- Roosville Location of Roosville in British Columbia
- Coordinates: 49°00′03″N 115°03′10″W﻿ / ﻿49.00083°N 115.05278°W
- Country: Canada
- Province: British Columbia
- Region: East Kootenay
- Regional district: East Kootenay
- Area codes: 250, 778, 236, & 672
- Highways: Highway 93

= Roosville, British Columbia =

Roosville is a small farming community immediately north of the Canada–United States border in the East Kootenay region of southeastern British Columbia. On BC Highway 93, the locality is east of Lake Koocanusa, at the southeast corner of Tobacco Plains Indian Reserve No. 2.

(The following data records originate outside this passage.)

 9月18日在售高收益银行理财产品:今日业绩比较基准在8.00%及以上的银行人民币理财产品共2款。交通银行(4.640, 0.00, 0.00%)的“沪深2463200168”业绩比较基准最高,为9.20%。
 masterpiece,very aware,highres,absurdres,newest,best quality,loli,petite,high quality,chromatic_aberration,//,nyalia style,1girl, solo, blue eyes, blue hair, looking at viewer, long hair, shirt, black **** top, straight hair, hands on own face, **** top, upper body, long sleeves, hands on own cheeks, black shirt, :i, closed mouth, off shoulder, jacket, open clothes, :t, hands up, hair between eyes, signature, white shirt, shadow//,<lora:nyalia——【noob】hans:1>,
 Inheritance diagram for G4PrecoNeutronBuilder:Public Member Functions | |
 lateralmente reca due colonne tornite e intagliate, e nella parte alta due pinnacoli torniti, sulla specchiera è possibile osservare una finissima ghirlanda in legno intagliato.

Sharing the name are adjacent Roosville, Montana and the Roosville Border Crossing.

==First Nations==
As early as the 1840s, the region was known as Tobacco Prairie and later as Tobacco Plains. The Tobacco Plains band has inhabited this land since time immemorial. The traditional name in the Ktunaxa language for this site is ¿/u¿/uqa, pronounced tsoo-tsoo-qa.

==Name origin==
The Hudson's Bay Company (HBC) moved Fort Kootenay several times within the plains region, finally settling immediately north of the boundary on the east shore of the Kootenay River. In 1865, Michael Phillipps, a clerk, transferred to this outpost for a brief period. In the 1890s, he established a ranch on the plains and the area became known as Phillips.

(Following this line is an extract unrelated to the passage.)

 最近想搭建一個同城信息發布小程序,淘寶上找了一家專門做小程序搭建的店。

In 1899, Fred Roo was granted a liquor licence for his hotel at Phillips. A month later, he took charge of the general store. The next year, Fred Roo built a larger hotel. By 1901, he was calling the location Roosville. A year later, the new name was in common usage.

==Community==
Michael Phillipps was the inaugural postmaster 1899–1903, when the post office closed. Michael and many of his descendants are buried in the Roosville cemetery. Fred Roo was the next postmaster 1908–1922. The post office closed in 1926. In 1910, Miss N. Bartlett was the inaugural school teacher. During the earlier decades, Roosville was centred farther north than the border, closer to present day Grassmere.

Around 1930, the general store closed. During the mid-1930s, a National Defence Relief camp existed at Roosville. In 1949, the school closed.

At the border, a four-unit motel operated 1965–1989.